Table 1: Use of the terms “control cohort” and “intervention cohort” here is a little confusing, as the term “controls” is also used later under Addressing Threats to Validity, where it is applied to a sub-group of anaemic patients during the intervention period – i.e. a different control cohort. I would have preferred Table 1 to use terms such as “pre-intervention” and “post-intervention” to avoid confusion.

If I understand Table 1 and Figure 1 correctly, there will be 3 ITS analyses, although the paper could be clearer about this in the text. Moreover, the majority of the intervention cohort for the first ITS (TXA started) will also be part of the control cohort for the second ITS (increased TXA) – since the date ranges overlap – and the intervention cohort for ITS 2 will be identical to the control group for ITS 3 (pre-op anaemia optimisation).
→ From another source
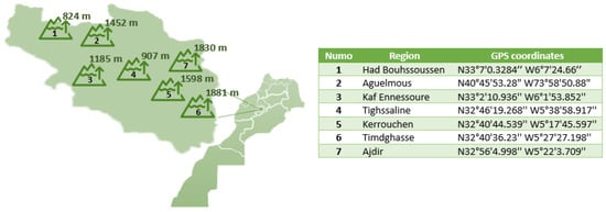 - Serbouti, S.; Ettaqy, A.; Boukcim, H.; Mderssa, M.E.; El Ghachtouli, N.; Abbas, Y. Forests and woodlands in Morocco: Review of historical evolution, services, priorities for conservation measures and future research. Int. For. Rev. 2023, 25, 121–145. [Google Scholar] [CrossRef]

If this is the case (or even if it is not) the authors need to clarify the situation here. Overlapping cohorts mean that the analyses will not be independent and may have implications for interpretation of the findings.

For clarity I would like to have seen Figure 1 indicate the control cohort periods for each ITS, as well as the implementation and intervention periods. It took me some time work out how Table 1 related to Figure 1 in terms of the time-periods involved.

Outcomes will be analysed in the form of monthly means or proportions. One issue here, which is not mentioned in the paper, is that the sample size will vary considerably over time. For the first ITS (TXA started) the control period covers approx 50 months and the sample size is 1500, implying a mean sample size of 30 patients per month – very small when the outcome is a proportion; whereas the intervention period is about 20 months with a total sample of 3000, indicating 150 per month. Thus outcome means/proportions will be far more variable over the control period. I haven’t checked, but the same may apply to the other ITS analyses. Ideally data-point variability should be taken into account in the analysis, and is something that the authors should at least mention and discuss the implications of, in the paper.

Each ITS analysis will incorporate a 6-month implementation period between the pre and post periods, for which data will be dropped from the model. One concern here is the potential for an annual cycle in the data values. I cannot say if elective lower limb arthroplasty is subject to seasonal variation, but certainly hospital admissions for many other conditions are. The risk here is that 6 months can represent the time between the lowest and highest points in an annual cycle. Thus it is conceivable that at the end of the pre period, the cycle will be at it’s lowest point, but at the subsequent start of the post period, it will be at the top (or vice-versa). Particular care will need to be taken to evaluate whether any change in level or trend at this point can be explained by the presence of an annual cycle. The authors acknowledge the potential for seasonality in their discussion of autocorrelation (see below). However, I would like to see a specific sensitivity analysis designed to assess robustness against the threat of an annual cycle, regardless of the outcome of any tests for autocorrelation, given the use of a 6-month lag.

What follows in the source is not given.